The Qwen team at Alibaba has released a new version of the open source inference AI model with several impressive benchmarks.
Meet QWEN3-235B-A22B-Thinking-2507. Over the past three months, the Qwen team has been aiming to expand what is called AI’s “thinking ability” and improve both the quality and depth of reasoning.
The results of their efforts are truly tough and excellent models, such as logical reasoning, complex mathematics, scientific problems, advanced coding. In these areas where human experts usually require, this new Qwen model sets the standard for open source models.
In the inference benchmark, QWEN’s latest open source AI model provides coding at 92.3 on AIME25 and 74.1 on LiveCodebench V6. It also holds its own in more general ability tests, earning 79.7 on the Arena-Hard V2, measuring how well it matches human preferences.

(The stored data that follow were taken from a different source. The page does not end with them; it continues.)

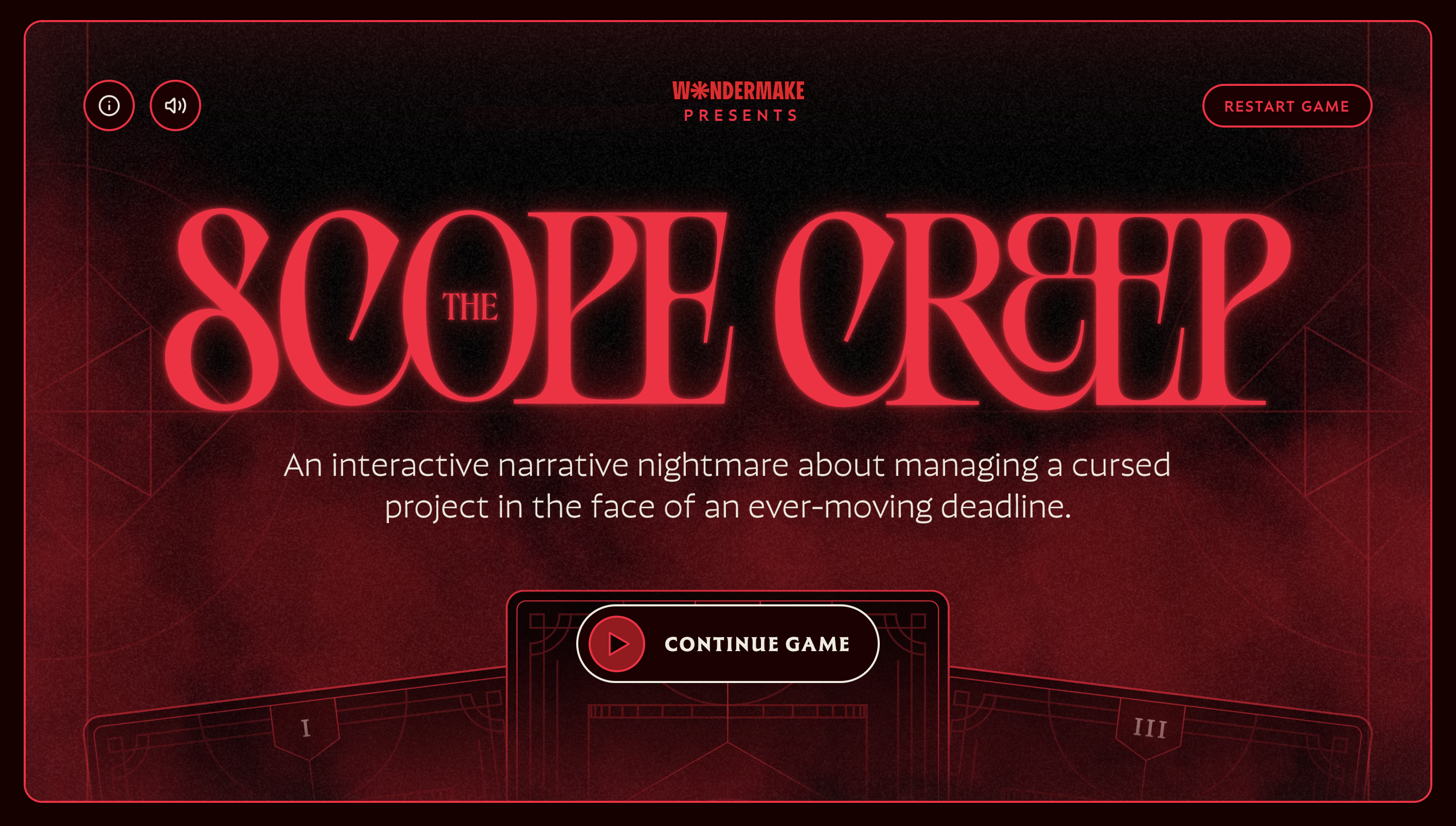 Welcome to The Scope Creep, an interactive narrative nightmare experience for the creative industry about managing a cursed project in the face of an ever-moving deadline.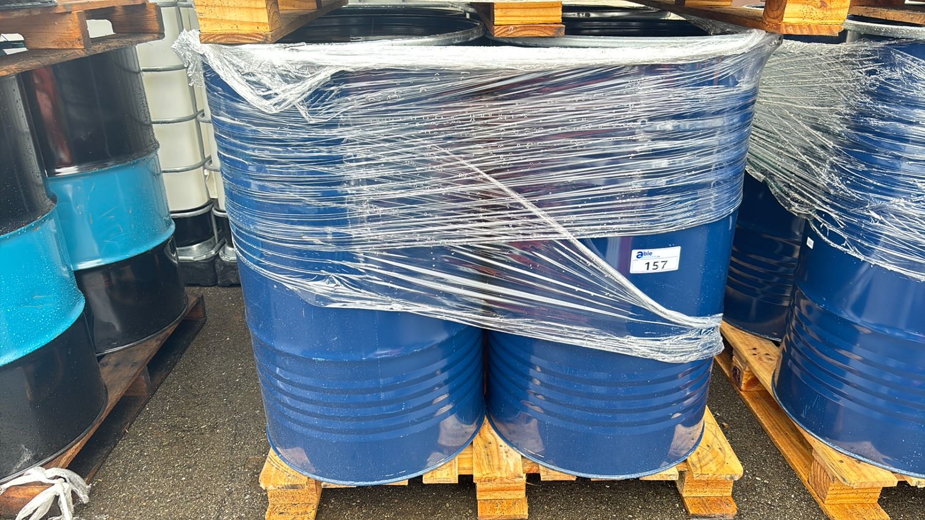 4 BLUE INDUSTRIAL METAL EMPTY BARRELS WITH LIDS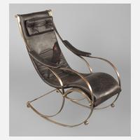 nach einem Entwurf von Peter Cooper für R. W. Winfield & Co, England, um 1860, Reedition Mitte 20. Jh., Gestell aus Bandeisen mehrteilig verschraubt, im Kniebereich mit Holzauflage, eingehängtes Lederpolster mit Nackenkissen und Armauflagen, Hutmuttern aus Messing, guter Zustand mit Alters- und Gebrauchsspuren, Maße 106 x 60 x 90 cm. Quelle: G. Himmelheber, Möbel aus Eisen, Abb. 356.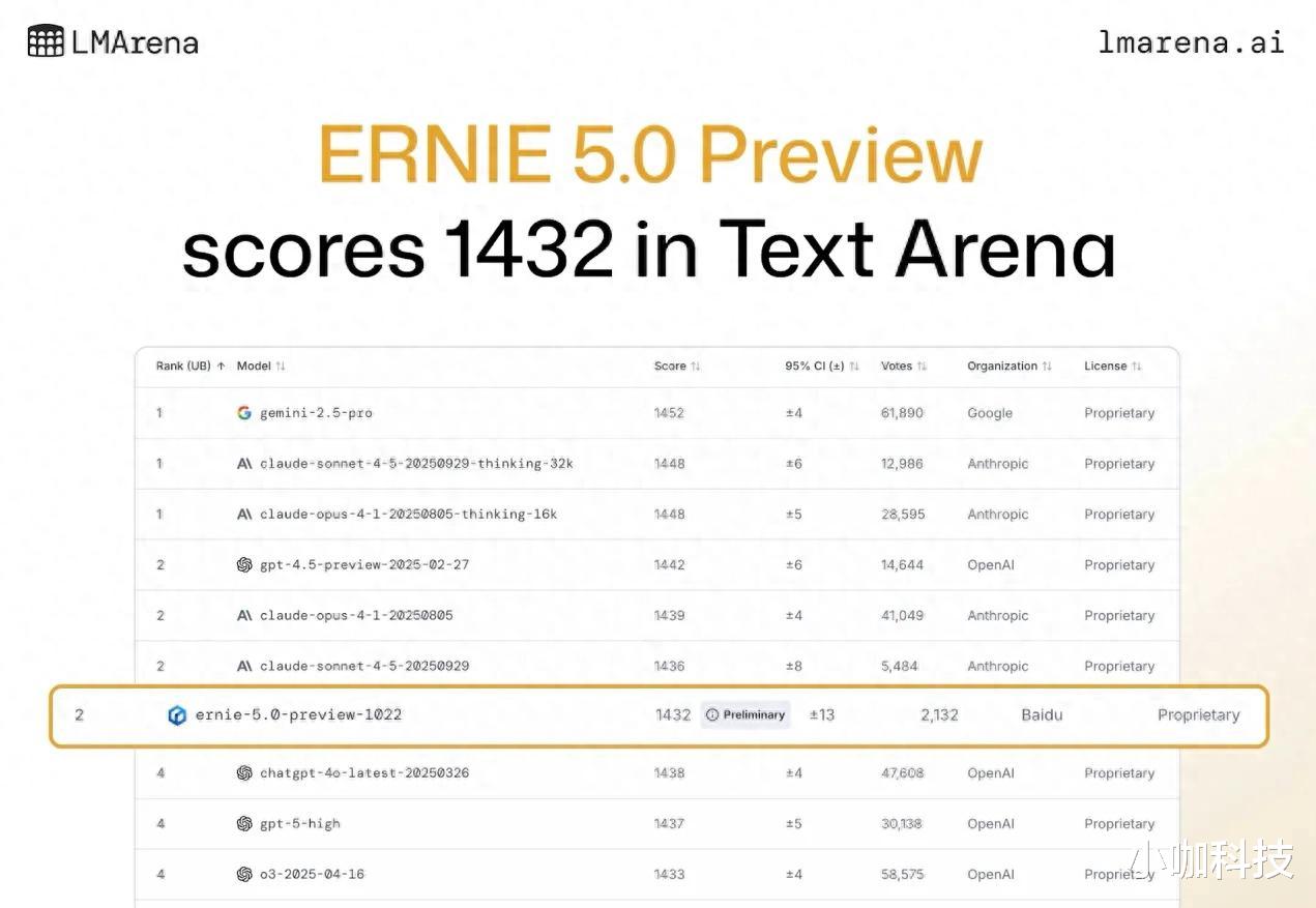 文心全新模型ERNIE-5.0-Preview-1022登上LMArena文本排行榜国内第一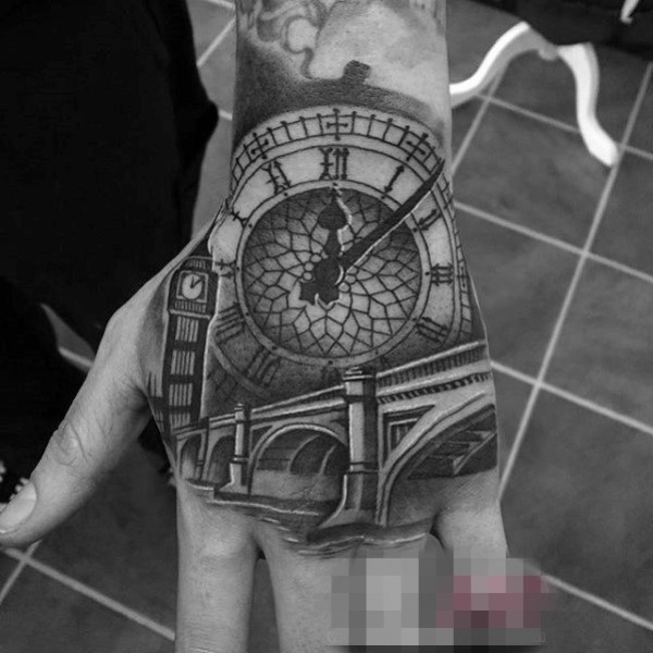 多款黑色素描点刺技巧经典建筑大本钟创意纹身图案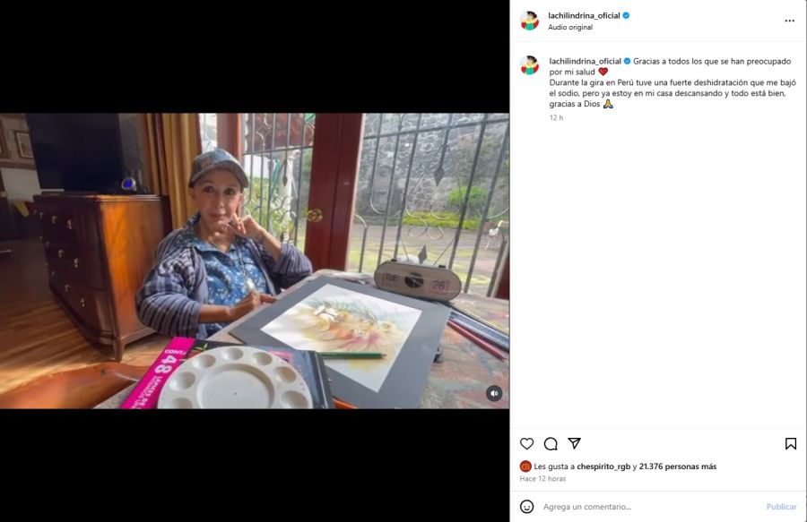 En el video, María Antonieta expresó: “Gracias a todos los que se han preocupado por mi salud. Durante la gira en Perú tuve una fuerte deshidratación que me bajó el sodio, pero ya estoy en mi casa descansando y todo está bien, gracias a Dios”. La actriz mostró su rutina cotidiana, dibujando y bromeando frente a la cámara, y agregó: “En fin, lo estoy pasando muy bien. Ojalá que ustedes la pasen tan bien como lo estoy pasando yo. Gracias. Los quiero muchísimo”.

At the heart of this is the large-scale inference of the QWEN team’s AI model, with a total of 235 billion parameters. However, we use a mixture of Experts (MOE). This means that a small portion of these parameters (approximately 22 billion) are active at any time. Think of it as if there’s a large team of 128 experts on the call. However, only eight people who are best suited for a particular task are brought in to actually work.
Perhaps one of its most impressive features is its huge memory. Qwen’s open source inference AI model has a native context length of 262,144 tokens. A great advantage of tasks that involve understanding huge amounts of information.
For the developers and Tinker, the Qwen team was easy to get started. This model is available with a hugging face. You can deploy it using tools like Sglang or VLLM to create your own API endpoints. The team also pointed to the Qwen-Agent framework as the best way to utilize the model’s tool call skills.
To get the best performance from open source AI inference models, the Qwen team shares some tips. They propose an output length of about 32,768 tokens for most tasks, but for a very complex task, it needs to be bolstered to 81,920 tokens to give AI sufficient space to “think”. It is also a good idea to provide model-specific instructions at the prompt to ask “stage-level reasons” for a mathematical problem “step-level” for a most accurate and clear answer.
This new Qwen model release offers a powerful yet open source inference AI comparable to some of the best proprietary models, especially when it comes to complex and brain-bending tasks. It’s exciting to see what developers ultimately build.
(Image by Tung Lam)
reference: AI Action Plan: US leadership needs to be “unchallenged”
Want to learn more about AI and big data from industry leaders? Check out the AI & Big Data Expo in Amsterdam, California and London. The comprehensive event will be held in collaboration with other major events, including the Intelligent Automation Conference, Blockx, Digital Transformation Week, and Cyber Security & Cloud Expo.
Check out other upcoming Enterprise Technology events and webinars with TechForge here.